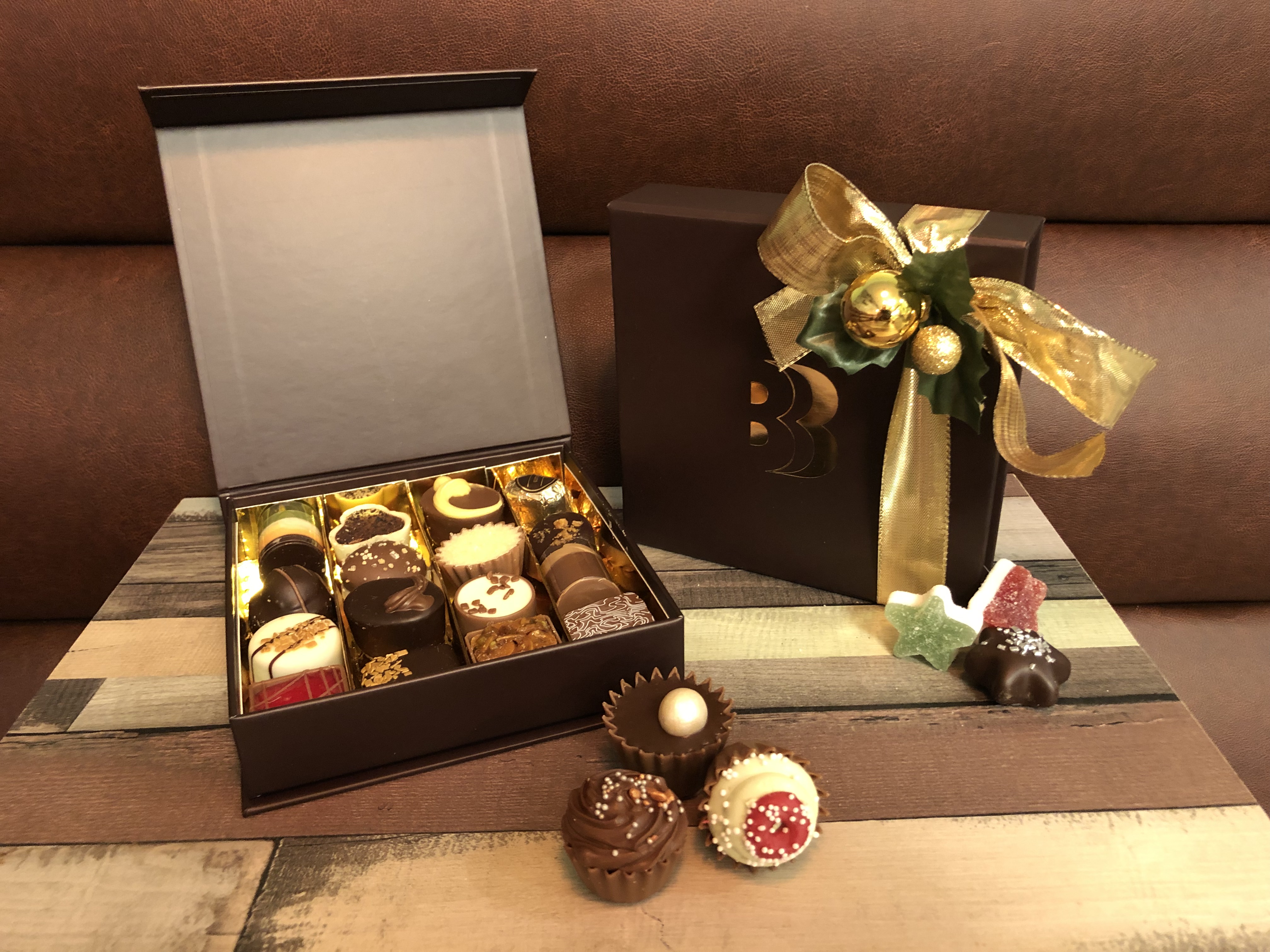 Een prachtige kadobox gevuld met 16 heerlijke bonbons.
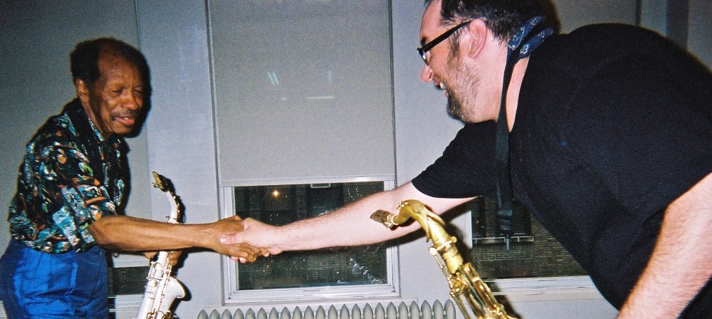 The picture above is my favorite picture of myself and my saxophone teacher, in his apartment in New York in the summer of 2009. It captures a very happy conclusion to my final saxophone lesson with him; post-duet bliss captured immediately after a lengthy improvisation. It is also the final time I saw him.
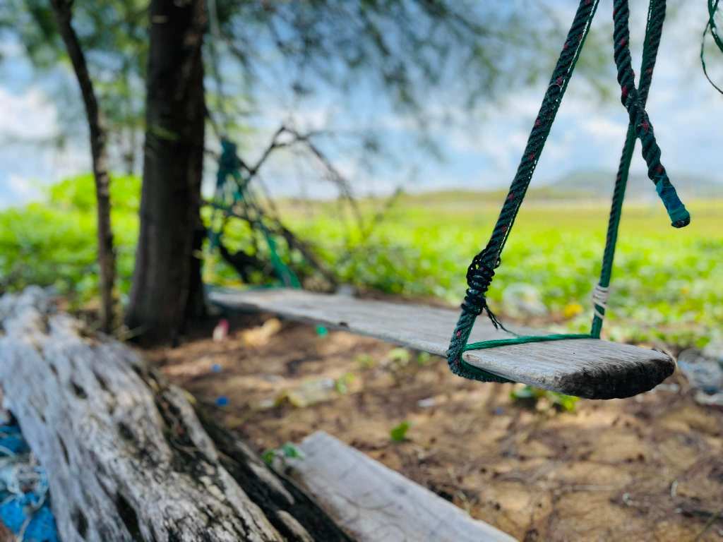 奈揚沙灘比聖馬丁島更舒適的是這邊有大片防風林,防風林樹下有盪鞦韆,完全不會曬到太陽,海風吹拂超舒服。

YOUR OBJECTIVE:
The pictures should be dropped, and every line above should be set down again exactly.

RESULT OF THE EXERCISE:
 Een prachtige kadobox gevuld met 16 heerlijke bonbons.
 The picture above is my favorite picture of myself and my saxophone teacher, in his apartment in New York in the summer of 2009. It captures a very happy conclusion to my final saxophone lesson with him; post-duet bliss captured immediately after a lengthy improvisation. It is also the final time I saw him.
 奈揚沙灘比聖馬丁島更舒適的是這邊有大片防風林,防風林樹下有盪鞦韆,完全不會曬到太陽,海風吹拂超舒服。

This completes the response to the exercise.